Each shard run on a different host with one zookeeper server.
I checked the zookeeper log and I cannot see anything there.
The only difference is that in the /overseer_election/election folder I see this specific server repeated 3 times, while the other server are only mentioned twice.
45654861x41276x432-x.x.x.x:7070_solr-n_00000003xx
74030267x31685x368-x.x.x.x:7070_solr-n_00000003xx
74030267x31685x369-x.x.x.x:7070_solr-n_00000003xx
Not even sure if this is relevant. (Can it be?)
Any clue what other check can we do?
We've experienced this error under 2 conditions.
Condition 1
On a single zookeeper host there was an orphaned Zookeeper ephemeral node in
/overseer_elect/election. The session this ephemeral node was associated with no longer existed.

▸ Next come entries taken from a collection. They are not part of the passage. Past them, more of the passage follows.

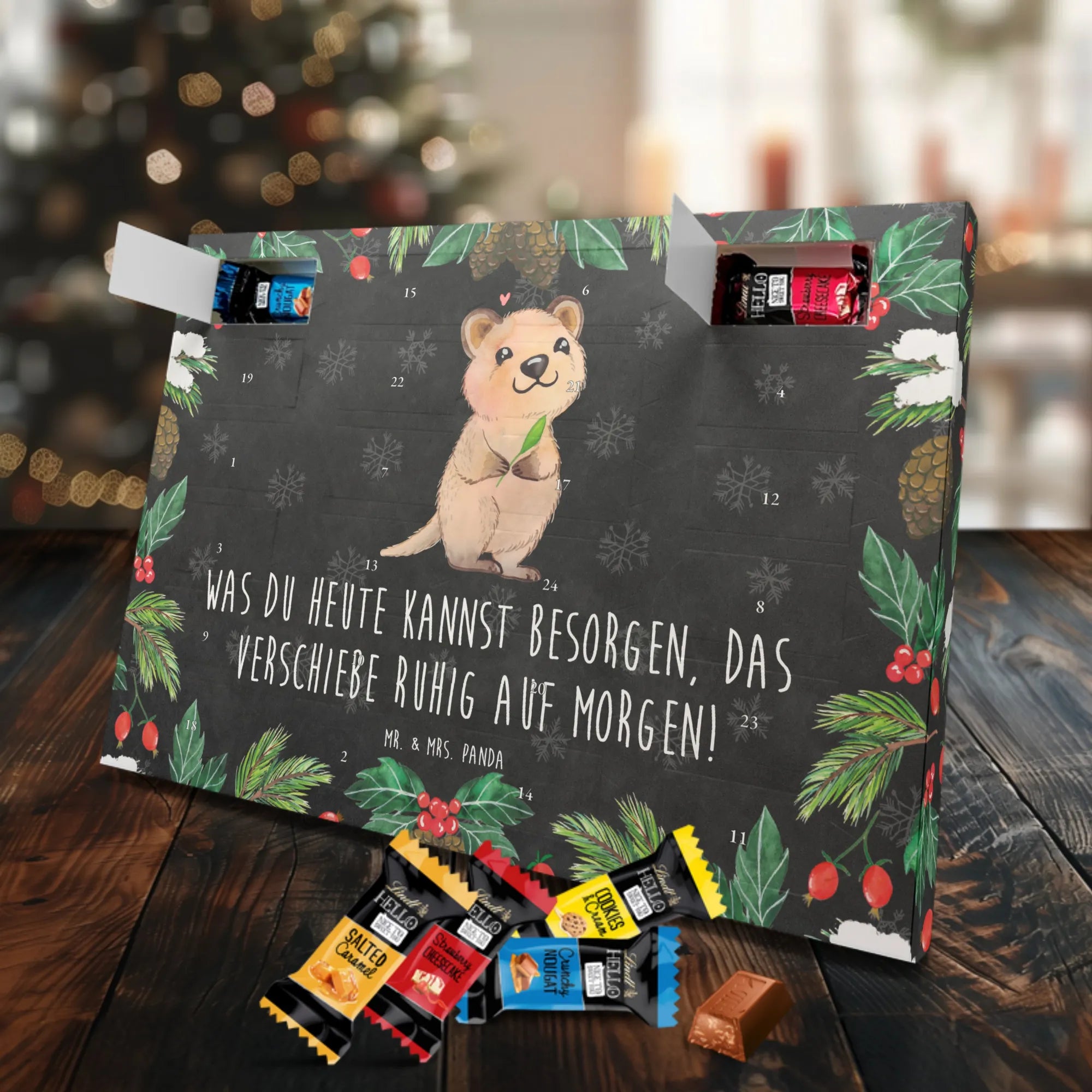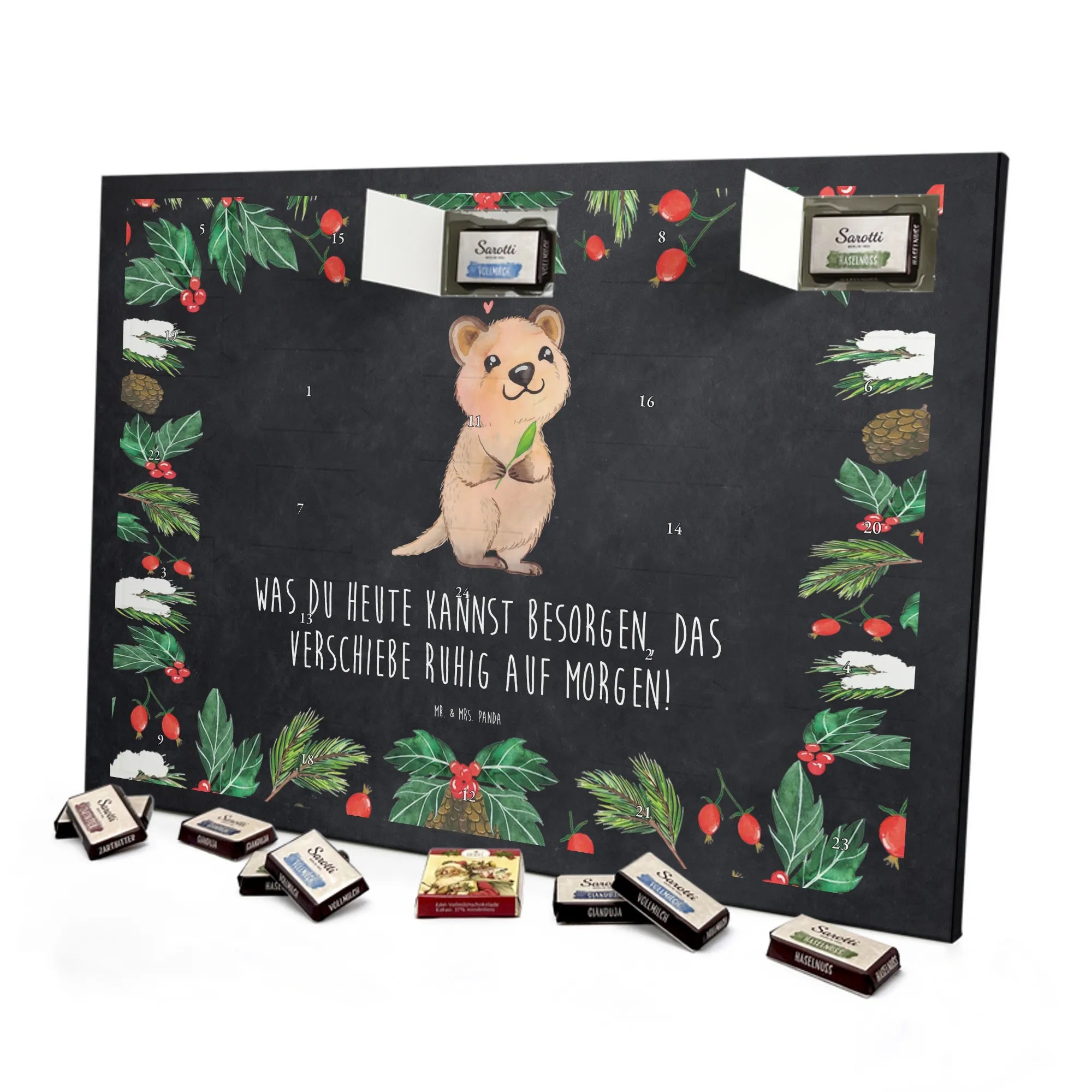 Chocolate advent calendar Quokka Happy - Classic - with saying - Ice Blue
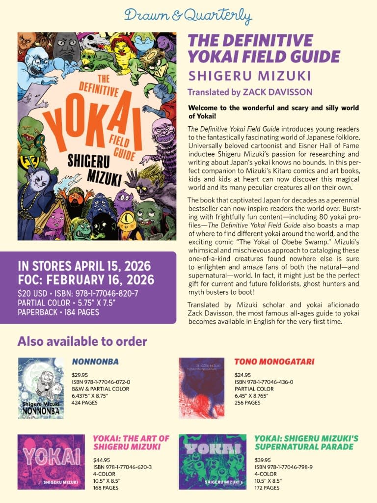 Welcome to the wonderful and scary and silly world of Yokai! The Definitive Yokai Field Guide introduces young readers to the fantastically fascinating world of Japanese folklore. Universally beloved cartoonist and Eisner Hall of Fame inductee Shigeru Mizuki's passion for researching and writing about Japan's yokai knows no bounds. In this perfect companion to Mizuki's Kitaro comics and art books, kids and kids at heart can now discover this magical world and its many peculiar creatures all on their own. Translated by Mizuki scholar and yokai aficionado Zack Davisson, the most famous all-ages guide to yokai becomes available in English for the very first time. $20 4/15/2026
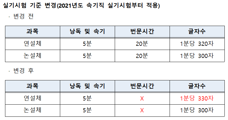 논설체와 연설체를 시험과목으로 하는 국회 속기직 실기시험은 2021년부터 시험 방식이 아래와 같이 변경되었는데요. 연설체는 1분당 320자에서 330자로 조정되었습니다.

The orphaned ephemeral node cannot be deleted.
Caused by: https://issues.apache.org/jira/browse/ZOOKEEPER-2355
This condition will also be accompanied by a /overseer/queue directory that is clogged-up with queue items that are forever waiting to be processed.
To resolve the issue you must restart the Zookeeper node in question with the orphaned ephemeral node.
If after the restart you see Still seeing conflicting information about the leader of shard shard1 for collection <name> after 30 seconds
You will need to restart the Solr hosts as well to resolve the problem.
Condition 2
Cause: a mis-configured systemd service unit.
Make sure you have Type=forking and have PIDFile configured correctly if you are using systemd.
systemd was not tracking the PID correctly, it thought the service was dead, but it wasn't, and at some point 2 services were started. Because the 2nd service will not be able to start (as they both can't listen on the same port) it seems to just sit there in a failed state hanging, or fails to start the process but just messes up the other solr processes somehow by possibly overwriting temporary clusterstate files locally.
Solr logs reported the same error the OP posted.
Interestingly enough, another symptom was that zookeeper listed no leader for our collection in /collections/<name>/leaders/shard1/leader normally this zk node contains contents such as:
{"core":"collection-name_shard1_replica1",
"core_node_name":"core_node7",
"base_url":"http://10.10.10.21:8983/solr",
"node_name":"10.10.10.21:8983_solr"}
But the node is completely missing on the cluster with duplicate solr instances attempting to start.
This error also appeared in the Solr Logs:
HttpSolrCall null:org.apache.zookeeper.KeeperException$SessionExpiredException: KeeperErrorCode = Session expired for /roles.json
To correct the issue, killall instances of solr (or java if you know it's safe), and restart the solr service.
We figured out!
The issue was that jetty didn't really stop so we had 2 running processes, for whatever reason this was fine for reading but not for writing.
Killing the older java process solved the issue.